Whole genome comparison of Pakistani Corona virus with Chinese and US Strains along with its predictive severity of COVID-19

Gene Rep. 2021 Jun:23:101139. doi: 10.1016/j.genrep.2021.101139. Epub 2021 Apr 15.

Abstract

Initially submitted 784 SARS-nCoV2 whole genome sequences on NCBI Virus database were selected for phylogenetic analysis to look into their similarities with two of Pakistani sequenced coronavirus strains having accessions of MT240479 and MT262993. The MT240479 named (Gilgit1-Pak) was found in close proximity to MT184913 named (CruiseA-USA), while MT262993 named (Manga-Pak) was in neighboring to MT039887 named (WI-USA) strain, which were further chosen for variant calling analysis along with reference genome NC_045512 as out-group to construct concluding cladogram and looked for evolutionary distance with PAUP software in this article. Aforementioned Pakistani strains each of having 29,836 bases were compared with MT263429 (WI-USA) of 29,889 bases and MT259229 (Wuhan-P.R. China) of 29,864 bases. Whole genome variant calling pipeline revealed 31 variants in both Pakistani strains collectively (Manga-Pak vs USA having 2del & 7SNPs, while different from Chinese strain with 2del & 2SNPs, similarly Gilgit1-Pak vs USA having 10SNPs, while different from Chinese strains having 8SNPs).

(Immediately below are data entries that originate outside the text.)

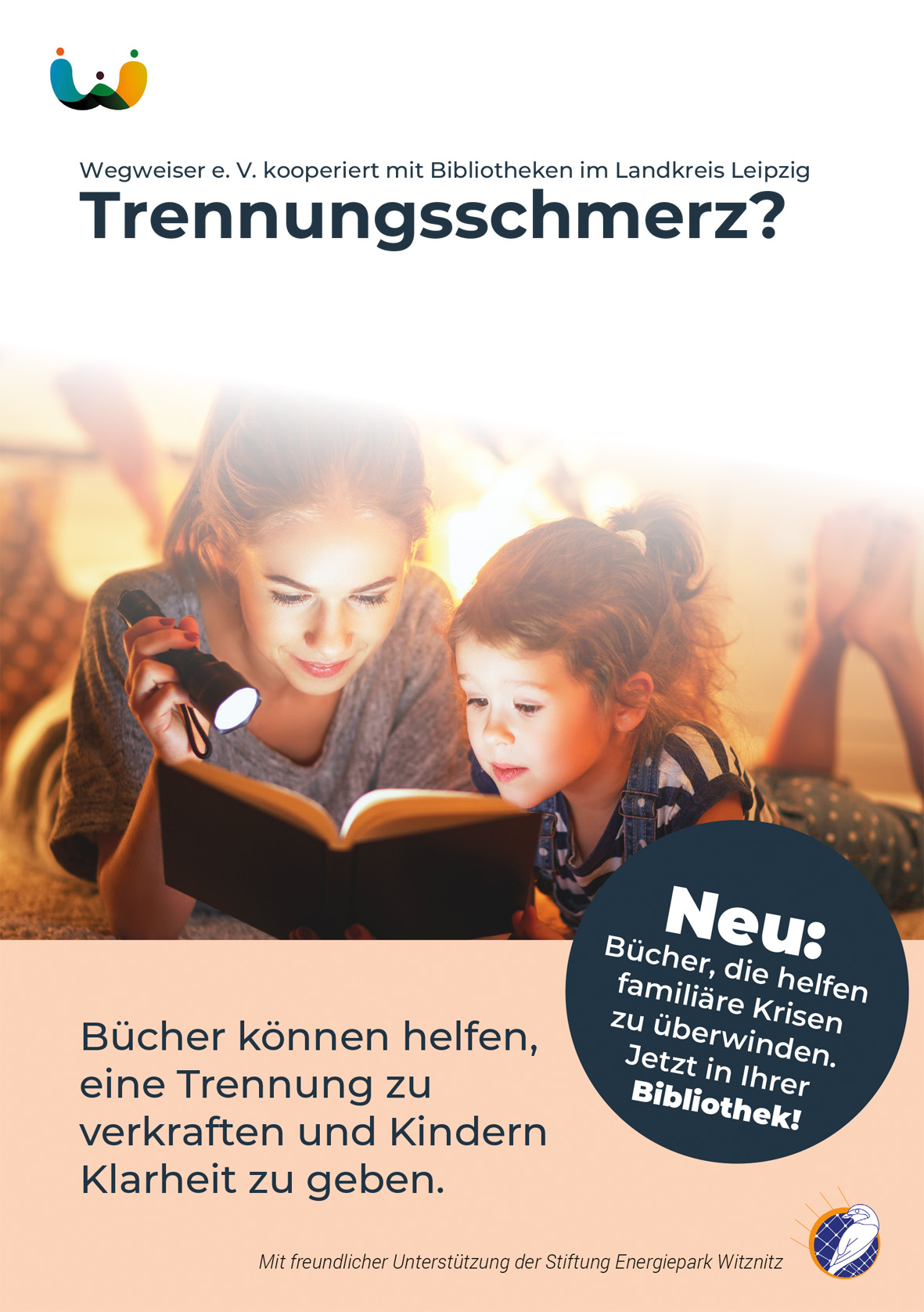Über dreißig Buchtitel fasst das Regal, welches die Bibliotheken Böhlen, Rötha, Borna, Markleeberg und Deutzen ihren Leserinnen und Lesern zur Ausleihe anbieten. Der Grund für das Projekt sind die anhaltend langen Wartelisten für Eltern, die eine Trennungsberatung oder eine Mediation anfragen. Neben den kostenlosen Online-Seminaren, die Eltern über die Homepage des Wegweiser e. V. buchen können, sind nun auch jede Menge hilfreiche Ratgeber-Bücher kostengünstig in den Bibliotheken erhältlich. Sie liefern hilfreiche Denkanstöße, Perspektivwechsel für eine kindzentrierte Erziehung und Informationen zum Umgang mit einer Trennung. Das Projekt „Ratgeberliteratur für Familien in schwierigen Lebensphasen“ wird von der Stiftung Energiepark Witznitz gefördert.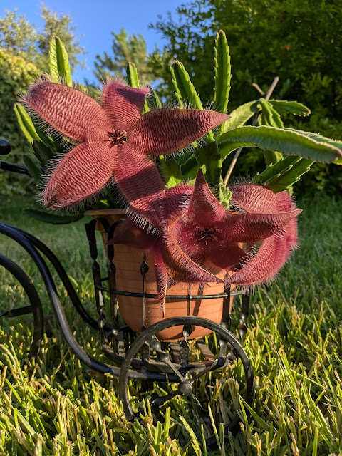 Esta stapelia hirsuta deu uma flor em setembro e outubro dos anos anteriores. Não deixa de ser extremamente curioso que, hoje, dia 29 de Julho, dia do seu aniversário, tinha quatro enormes flores abertas às 7h da manhã.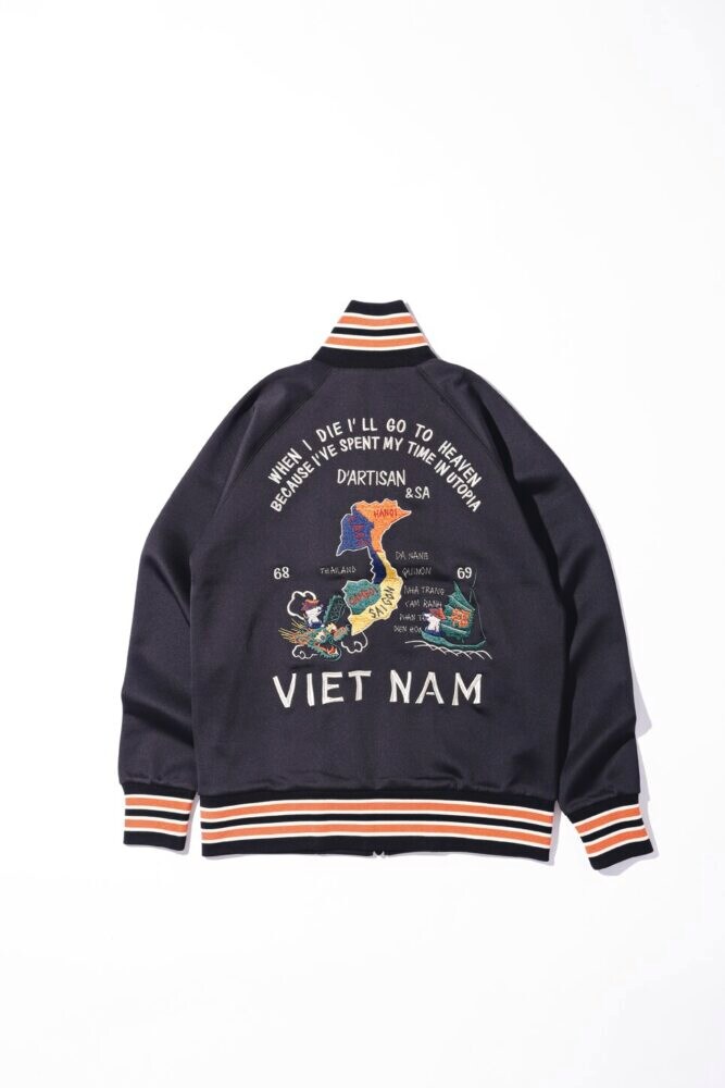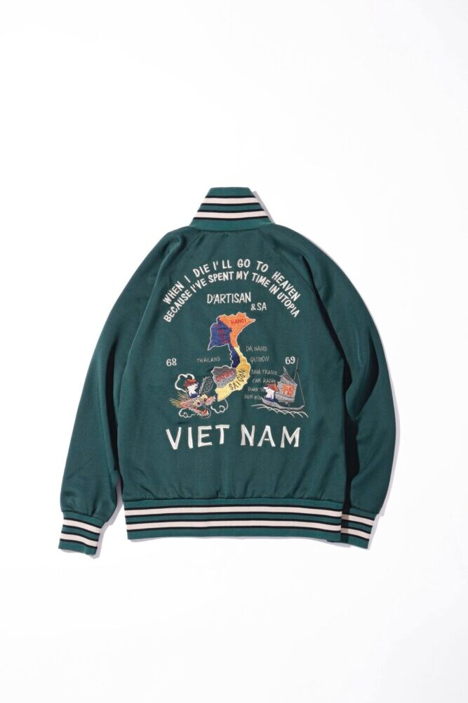 1960年代、ベトナム戦争に赴いたアメリカ兵たちのリクエストから誕生したスーベニアジャケットである「ベトジャン」。ダルチザンでは、当時のベトジャンをモチーフに、トラックジャケットへと落とし込んだ「ベトジャージ」を製作。一年を通して着回しができる、実用性の高いアイテムだ。
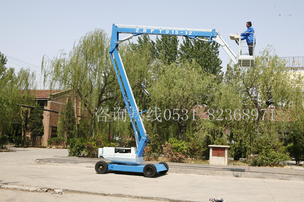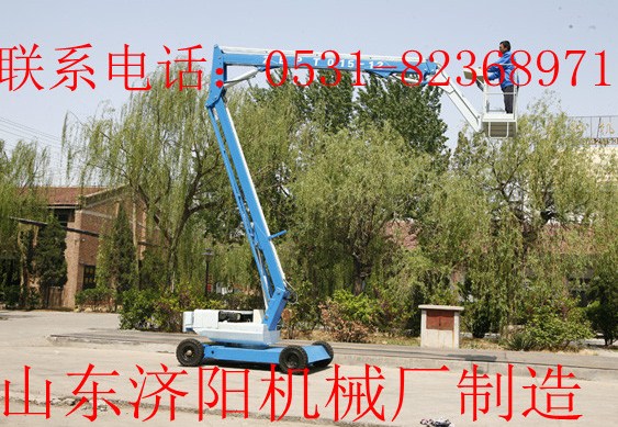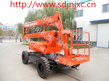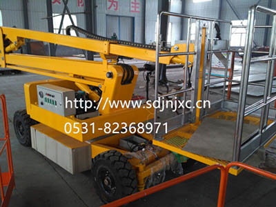 自行式折臂升降機(jī),利用柴油機(jī)為動(dòng)力,加電瓶采用電啟動(dòng),適用于野外及無電源場(chǎng)所作業(yè),自支腿、自升降、自行走,360°旋轉(zhuǎn)作業(yè)。本產(chǎn)品具有操作簡(jiǎn)單,使用方便,作業(yè)面大,特別是能夠懸伸作業(yè),跨越一定的障礙物或在一處升降,可進(jìn)行大范圍多點(diǎn)升降作業(yè)的特點(diǎn),極大地提高了工作效率。該系列高空作業(yè)平臺(tái)車廣泛用于市政、電力、路燈、公路、碼頭、廣告、園林、小區(qū)物業(yè)、廠礦企業(yè)車間等行業(yè)范圍升降作業(yè)。上升,下降,旋轉(zhuǎn)(360度)、探出等操作,易于跨越障礙到達(dá)工作位置,在不同情況下快,慢行走(前進(jìn),后退,轉(zhuǎn)方向)。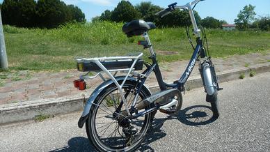 Vendo bici elettrica pieghevole,telaio in alluminio,ruote da 20".La bici è regolare da strada: motore 36 volt, 250 watt, 25 km/h. La bici è in buone condizioni,come si vede dalle foto. La vendo perchè ho venduto il camper. Non spedisco,preferisco consegna a mano,dopo vista e provata.

These variants harbour ORF1ab, ORF1a and N genes having their role is viral replication/translation, host innate immunity and viral capsid formation respectively. These novel variants may be one of the reasons for low mortality rate in Pakistan with 385 deaths as compared to USA with 63,871 and P.R. China with 4633 by May 01, 2020. However functional characterization of these variants and their integrations with other viral proteins including variability of human receptors (ACE2 & NRP1) may be the other reasons for unlikely COVID-19 statistics in Pakistan which need further confirmatory studies. Moreover, mutated N and ORF1a proteins in Pakistani strains were also analyzed by 3D structure modeling, which give another dimension of comparing these alterations at amino acid level. In a nutshell, these novel variants are correlated with reduced mortality of COVID-19 severity in Pakistan while more robust results can be obtained by wet lab experimentation. This also gives insight of genomic landscape of these indigenous strains to develop diagnostics kits, vaccines and therapeutic interventions.

Keywords: 3D structural modeling; BAM, binary alignment maps; DNA, deoxyribonucleic acid; NCBI, National Center for Biotechnology Information; Pakistani SARS-nCoV2; Phylogenetic analysis; SAM, sequence alignment maps; SARS-nCoV, severe acute respiratory syndrome novel coronavirus; Variant calling pipeline.